• EXERCISE GOAL
Print the lines in the listing below starting at the line with "С понедельника, 16" and ending at the line with "한국A공사 관리자 리더십", both included. Reproduce them exactly and omit every picture.

• PROVIDED ENTRIES

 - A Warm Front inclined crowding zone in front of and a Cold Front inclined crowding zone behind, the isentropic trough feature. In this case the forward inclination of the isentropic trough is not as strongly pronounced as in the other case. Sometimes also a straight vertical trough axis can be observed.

* * *

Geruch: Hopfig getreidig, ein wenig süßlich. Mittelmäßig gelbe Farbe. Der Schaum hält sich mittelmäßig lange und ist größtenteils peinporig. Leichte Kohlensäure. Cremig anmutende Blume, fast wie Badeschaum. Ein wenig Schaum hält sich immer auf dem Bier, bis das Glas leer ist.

---

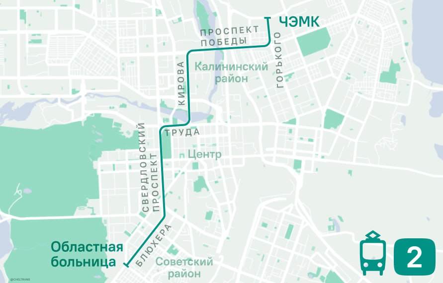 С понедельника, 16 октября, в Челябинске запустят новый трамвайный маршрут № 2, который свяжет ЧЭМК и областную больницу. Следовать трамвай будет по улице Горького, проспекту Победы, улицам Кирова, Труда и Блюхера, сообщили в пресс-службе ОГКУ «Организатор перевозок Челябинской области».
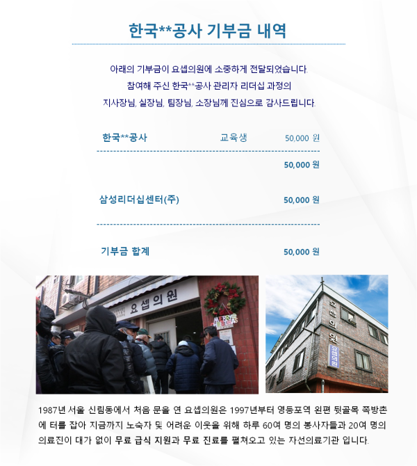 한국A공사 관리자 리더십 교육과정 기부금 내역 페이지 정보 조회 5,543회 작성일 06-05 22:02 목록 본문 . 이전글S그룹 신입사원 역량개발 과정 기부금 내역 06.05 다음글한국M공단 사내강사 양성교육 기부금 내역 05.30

• ANSWER SPACE
 С понедельника, 16 октября, в Челябинске запустят новый трамвайный маршрут № 2, который свяжет ЧЭМК и областную больницу. Следовать трамвай будет по улице Горького, проспекту Победы, улицам Кирова, Труда и Блюхера, сообщили в пресс-службе ОГКУ «Организатор перевозок Челябинской области».
 한국A공사 관리자 리더십 교육과정 기부금 내역 페이지 정보 조회 5,543회 작성일 06-05 22:02 목록 본문 . 이전글S그룹 신입사원 역량개발 과정 기부금 내역 06.05 다음글한국M공단 사내강사 양성교육 기부금 내역 05.30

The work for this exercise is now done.